*PROBLEM REQUIREMENTS*. Print this span of the material below exactly: the line with "Du kan sagtens", the line with "世界廣受好評的高精度夾套,端", and every line between them, but nothing else.

*THE RECORDS*.
++++

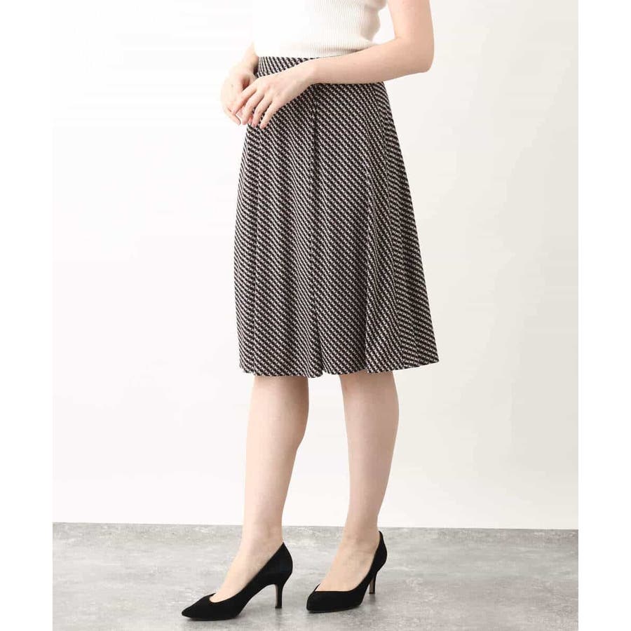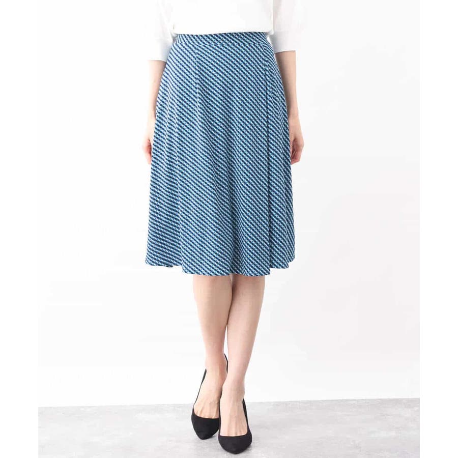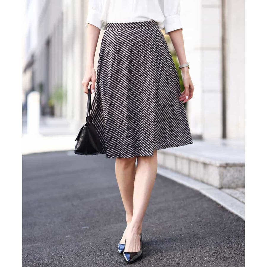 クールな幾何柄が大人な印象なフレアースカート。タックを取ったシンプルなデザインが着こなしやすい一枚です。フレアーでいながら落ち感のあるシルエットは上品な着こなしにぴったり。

++++

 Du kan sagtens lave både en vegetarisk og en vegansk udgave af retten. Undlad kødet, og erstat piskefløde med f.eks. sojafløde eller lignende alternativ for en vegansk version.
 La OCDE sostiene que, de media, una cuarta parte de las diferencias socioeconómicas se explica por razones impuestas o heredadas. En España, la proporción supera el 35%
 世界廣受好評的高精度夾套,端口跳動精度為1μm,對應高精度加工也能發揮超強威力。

++++

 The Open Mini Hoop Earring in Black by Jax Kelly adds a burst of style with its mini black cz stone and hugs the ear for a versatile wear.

++++

*TASK OUTPUT*.
 Du kan sagtens lave både en vegetarisk og en vegansk udgave af retten. Undlad kødet, og erstat piskefløde med f.eks. sojafløde eller lignende alternativ for en vegansk version.
 La OCDE sostiene que, de media, una cuarta parte de las diferencias socioeconómicas se explica por razones impuestas o heredadas. En España, la proporción supera el 35%
 世界廣受好評的高精度夾套,端口跳動精度為1μm,對應高精度加工也能發揮超強威力。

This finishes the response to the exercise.